Welcome to an experimental new feature here at P3 Adaptive , where members of the team discuss various topics related to Power BI, Power Pivot, and Analytics/BI in general. These conversations take place during the week on a Slack channel, and are then lightly edited for publishing on Friday.
This Week’s Topic: Managing Pace of Change in the Power BI Era
In our second installment of our weekly Coffee Talk leading up to the Microsoft Data Insights Summit in June we will be discussing the current pace of change, and what decisions organizations can make to ensure they are balancing their new investments in Power BI with their existing investments in Excel based BI.
But first, let me introduce the team members we brought in for this week’s Coffee Talk, and their role within the P3 Adaptive team:
#coffeetalk_apr14
Channel created April 4th. This is the very beginning of #coffeetalk_apr14 channel. Purpose: Weekly roundtable of what went on in the company, on the blog, in the wider community that we think is worth talking about!

Staying up to date can be difficult, at least it is for me. Microsoft has awesome pages talking about the amazing new things coming out each cycle!
https://powerbi.microsoft.com/en-us/documentation/powerbi-desktop-latest-update/
https://powerapps.microsoft.com/en-us/tutorials/release-notes/
https://flow.microsoft.com/en-us/documentation/getting-started/
To answer your second question: All of these tools are specifically designed to interface smoothly with each other. When I first learned how to use each one, I’d log in and be amazed at the ease with which I hit the ground running with my existing data from other solutions.
That said, DAX is the backbone of Excel and PBI, so for learning DAX and making a couple of clicks/sign-ins, look at all of the awesome functionality we receive!!
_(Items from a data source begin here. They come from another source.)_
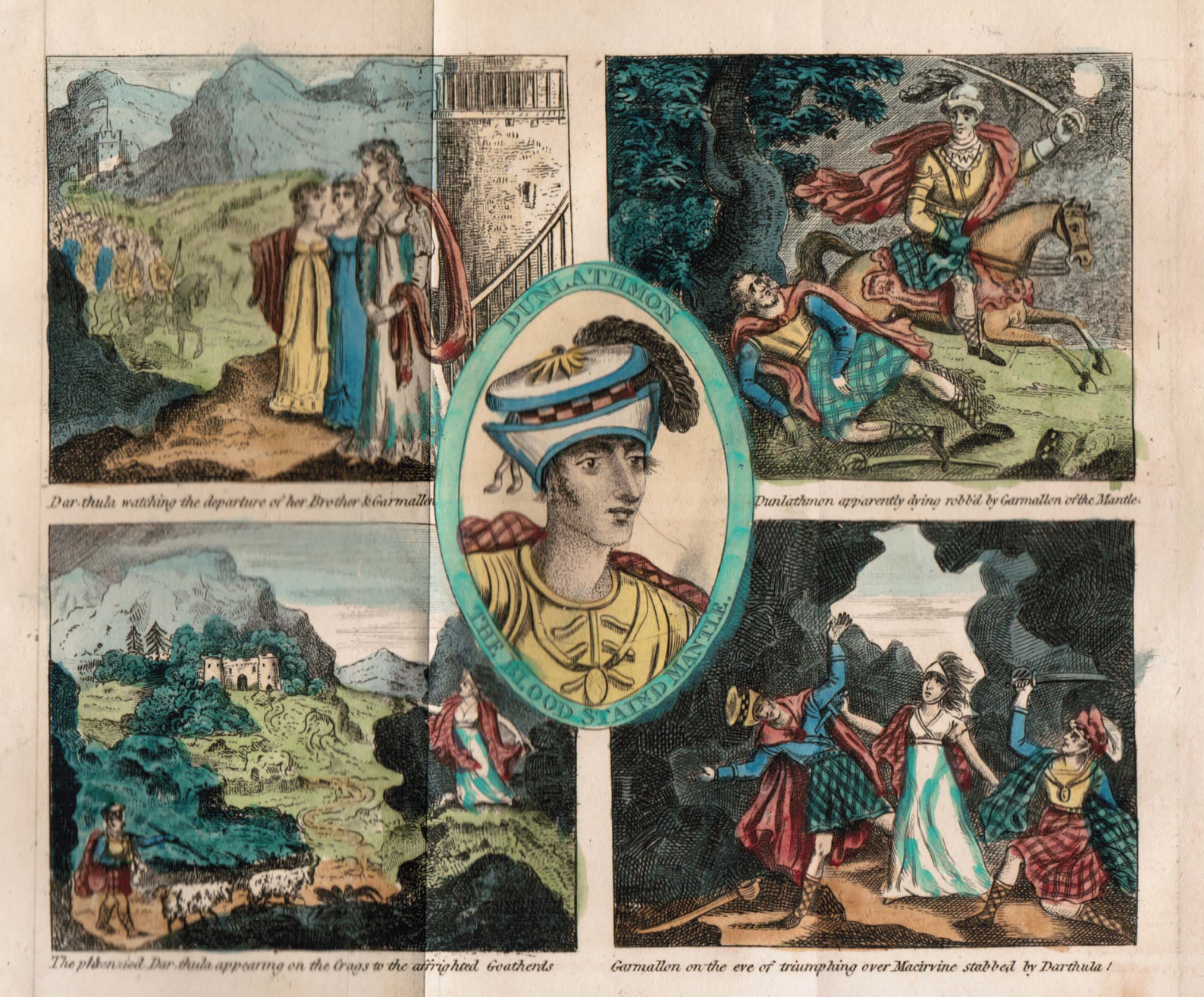
Pub. by Hodgson & C. IC Newgate S.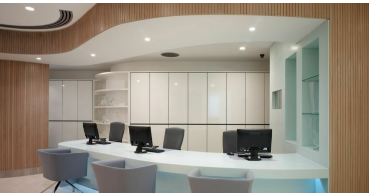
Ref: SP Bespoke Storage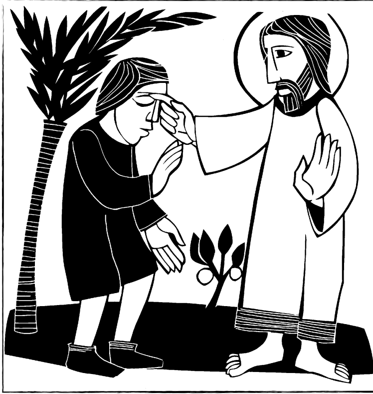
Jesus and the man born blind

I often get the question or reactions from people that think that Power BI is replacing Excel. I try to describe Excel/PowerBI as a Venn diagram with each other. There’s significant overlap of reporting needs that can be done in either universe but there’s also a very large and distinct section of reporting that can only be done with one of the two tools. Rob actually has a great Venn diagram visual explaining some of this, and that I show to clients occasionally. The entire post is great actually when it comes to discussing “Power BI”
It’s a beautiful symbiosis between the two of them, complimentary rather than oppositional.
I will say that *learning* DAX, Power Query, etc… is best done in Excel first, then knowledge transferred over to the PBI universe.
My typical elevator pitch of the two at a very high level. “Power BI is best for visualizations and telling a story. Excel is best for tables and detail reports.”
To the general public reading this, I need to confess that I _really_ like Venn diagrams
Yes Excel and Power BI are *slowly* starting to come together better. I remember at the Data Insights Summit last year Kellan and I playing around with the “Analyze in Excel” feature which was totally new at the time – pretty relentless pace since then.
Last week we spent a lot of time discussing / looking ahead on new features and yeah the pace is relentless. I will be the first to admit that I’m not totally up to speed with this Power BI / Power Apps / Flow stack. I’ve got the first piece down, sure. When I think about our business over the next year I hope we stay focused on bridging the gap between reporting and the actions people are taking to improve their business. To the extent that this new stack helps achieve that goal then count me in.
As far as keeping up to date – there are two stories here, a surface and a depth. Twitter is my surface story. That’s where news happens. In many ways I know everything that’s going on. As far as depth, I can’t get too far in building a process in Microsoft Flow. It gets too technical too quickly for me. I’m wondering if many people feel that same way about Power BI.
@djharshany I’ve found Pocket (https://getpocket.com/) really useful for saving items for later. I’m on a schedule as well – I save a lot of articles and then pour through them when I’m on an airplane or waiting in line somewhere. #productivityhack
I think this furious pace of technological development has made me much more aware 1) of the amount of noise out in the world that I’m safe ignoring and 2) of how we need to stay vigilant in producing content that cuts through the noise.
Going off Austin’s second point, I think that staying vigilant of what we create to cut through the noise ties into something we talked about last week: the difference between GUI created DAX/visuals and expert guided development.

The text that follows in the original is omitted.